---------- Raw data ----------
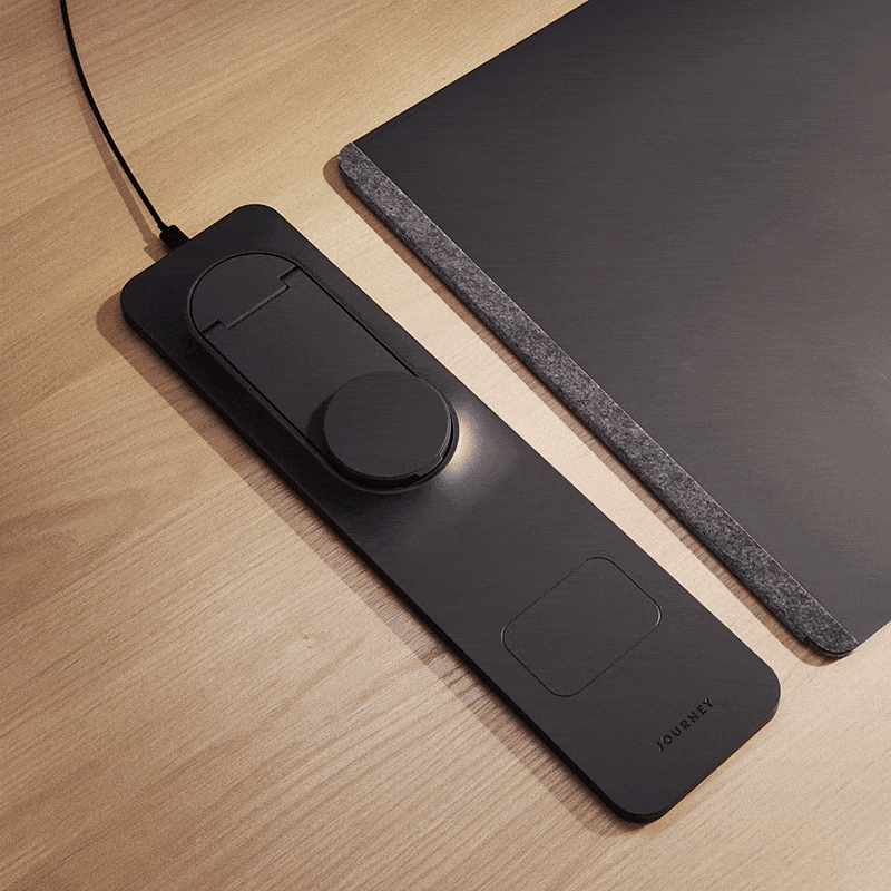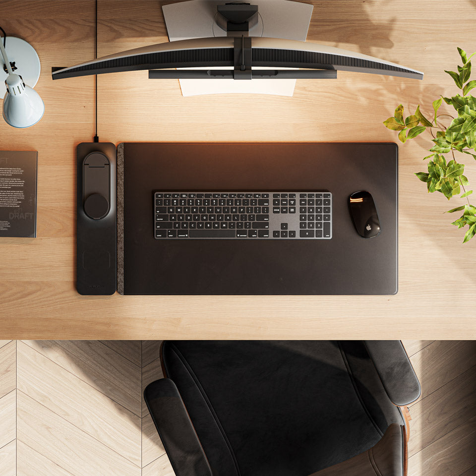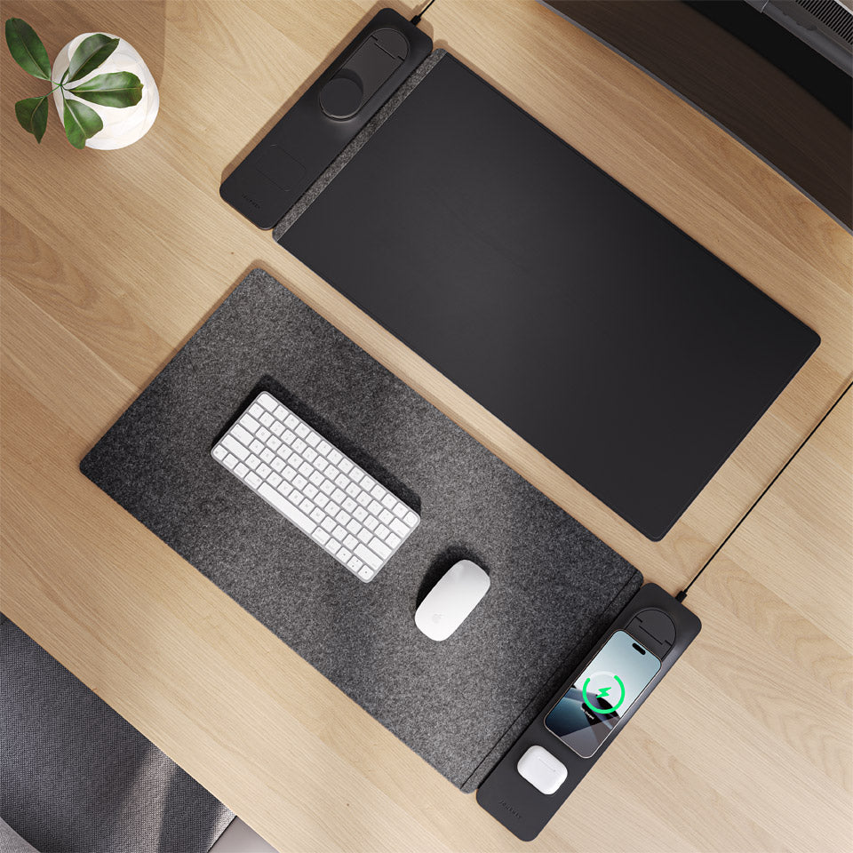 Dedicated space for keyboard/mouse and a magnetic panel that fast-charges phone (adjustable stand) and earbuds.
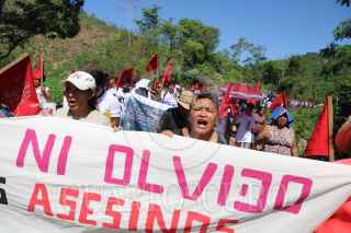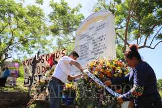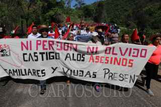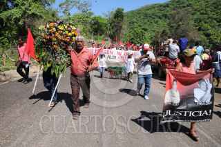 COYUCA DE BENÍTEZ, GUERRERO, 28JUNIO2019.- Marchan Integrantes de la Organización Campesina de la Sierra del Sur (OCSS) en el vado de Aguas Blancas, en este municipio de la región de Costa Grande, para conmemorar el aniversario 24 de la matanza de Aguas Blancas, en que fueron asesinadas 17 personas campesinos acribillados a manos de la policía estatal motorizada, en el periodo del ex gobernador de Guerrero, Rubén Figueroa Alcocer. Organizaciones exigieron al presidente de la República, Andrés Manuel López Obrador, retomar el caso Aguas Blancas y se castigue a los culpables del crimen, al recalcar que se trata de un crimen de Lesa humanidad. Al concluir la caminata, inició un acto cívico en el mausoleo dedicado a los campesinos asesinados, en donde se colocaron ofrendas florales veladoras. FOTO: BERNANDINO HERNÁNDEZ /CUARTOSCURO.COM
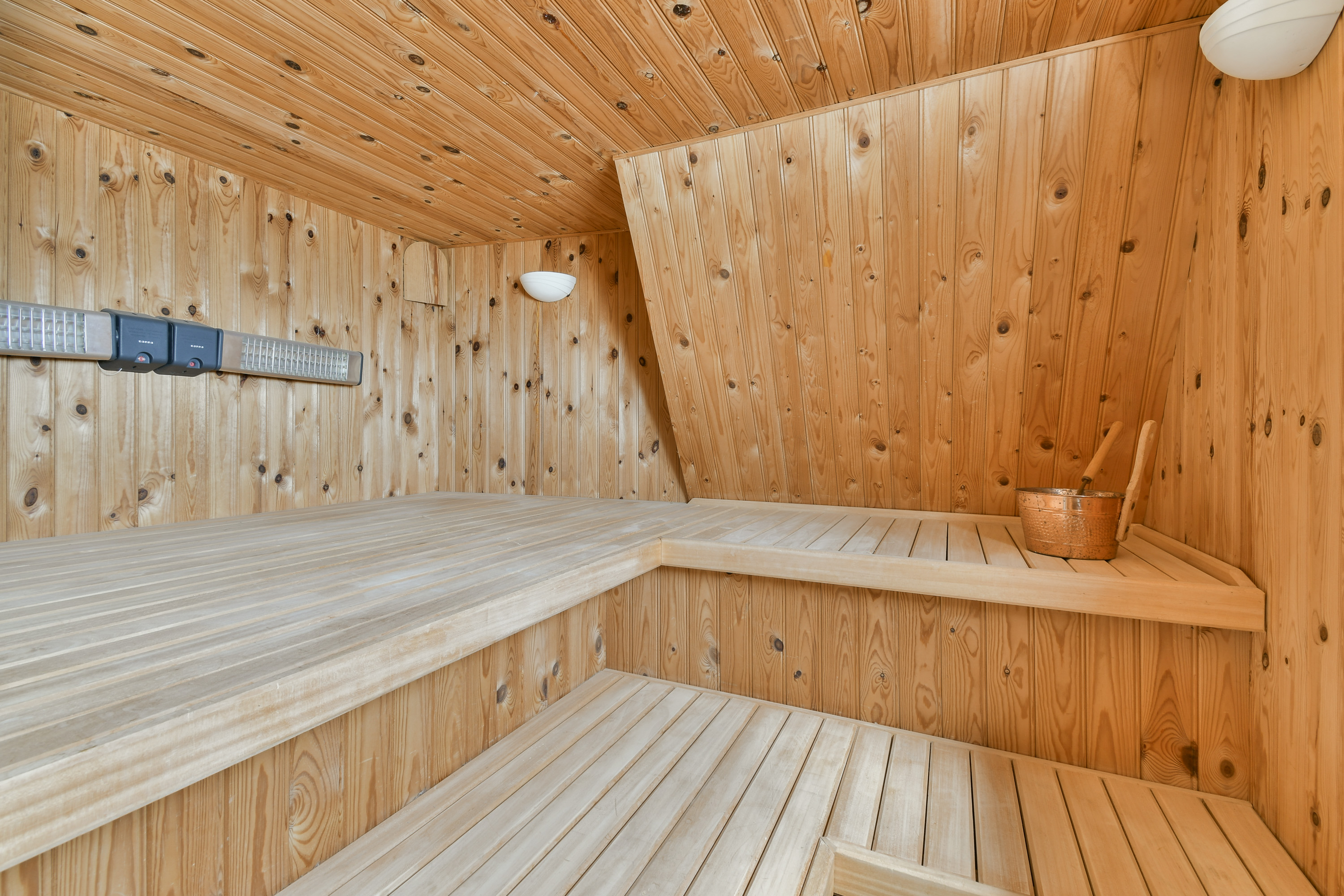 1e verdieping: overloop, sauna, 3e badkamer, 2 slaapkamers, waaronder royale masterbedroom met dubbele deuren / frans balkon.
----------
* [Task to complete] Please set down the lines above word for word and leave out the pictures.

* [The answer]
 Dedicated space for keyboard/mouse and a magnetic panel that fast-charges phone (adjustable stand) and earbuds.
 COYUCA DE BENÍTEZ, GUERRERO, 28JUNIO2019.- Marchan Integrantes de la Organización Campesina de la Sierra del Sur (OCSS) en el vado de Aguas Blancas, en este municipio de la región de Costa Grande, para conmemorar el aniversario 24 de la matanza de Aguas Blancas, en que fueron asesinadas 17 personas campesinos acribillados a manos de la policía estatal motorizada, en el periodo del ex gobernador de Guerrero, Rubén Figueroa Alcocer. Organizaciones exigieron al presidente de la República, Andrés Manuel López Obrador, retomar el caso Aguas Blancas y se castigue a los culpables del crimen, al recalcar que se trata de un crimen de Lesa humanidad. Al concluir la caminata, inició un acto cívico en el mausoleo dedicado a los campesinos asesinados, en donde se colocaron ofrendas florales veladoras. FOTO: BERNANDINO HERNÁNDEZ /CUARTOSCURO.COM
 1e verdieping: overloop, sauna, 3e badkamer, 2 slaapkamers, waaronder royale masterbedroom met dubbele deuren / frans balkon.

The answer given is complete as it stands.